APRA sets out tougher stance on culture risks
The Australian Prudential Regulation Authority (APRA) has put financial services firms on notice with its plans for scaling up a tougher approach towards governance, culture, remuneration and accountability.
The more intensive focus outlined in an information paper released last week responds to Hayne royal commission recommendations and will mean more transparent scrutiny of companies and a greater likelihood the regulator will intervene more forcefully when necessary.
“Australia’s banks, insurers and superannuation licensees are financially sound and resilient, but a strong balance sheet alone is not enough for institutions to remain in good prudential health,” APRA Deputy Chairman John Lonsdale said.

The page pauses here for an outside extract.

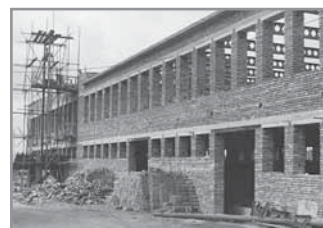
Obr. 36 a, b. Prostor, kde stojí dnes sportovní hala, před bouráním (1973) a rozestavěná budova haly.

slavnostně otevřena v roce 1975 a současně na ní byla umístěna deska na paměť spoluobčanů umučených a padlých za 2. světové války. Dalšími velkými stavbami byla víceúčelová sportovní hala s restaurací a ubytovnou a úprava stadionu s jeho částečným zastřešením. Stavba byla zahájena v první polovině sedmdesátých let 20. století, avšak pro nedostatek finančních prostředků se stavební práce protáhly na více jak deset let. Podoba města se výrazně změnila zbořením celých částí obce nebo alespoň přestavbou domů starších, zasypávaly se staré studny, rozšiřovaly a napřimovaly cesty, které umožnily snadnější příjezd motorových vozidel. Za přispění n. p. Autopal byly v trati Šraňky vybudovány čtyři panelové domy s 36 družstevními a 78 státními byty, v letech 1977–1979 probíhala ve dvou etapách výstavba sídliště rodinných domků na Láně, kde vyrostlo 109 rodinných domů. V roce 1972 také došlo k prvnímu úřednímu pojmenování ulic a veřejných prostranství.

Remediation costs relating to issues identified in the royal commission have cost institutions more than $7 billion to date and are likely to rise as further new and historical issues come to light, the regulator estimates.
“Although governance, culture remuneration and accountability are often termed ‘non-financial risks’, a failure to address weaknesses in these areas can cause major financial losses through reputation damage, fines and expensive remediation programs,” Mr Lonsdale said.
APRA says it is strengthening prudential requirements, will incorporate wider use of company self-assessments and will work closely with the Australian Securities and Investments Commission.
Results and findings from various assessments, thematic reviews and APRA “deep-dives” will also be published to the extent possible.
“We believe that using transparency to increase scrutiny and accountability will help ensure GCRA is a higher priority for boards and management and make it more likely they will act to identify and address weaknesses at an early stage,” Mr Lonsdale said.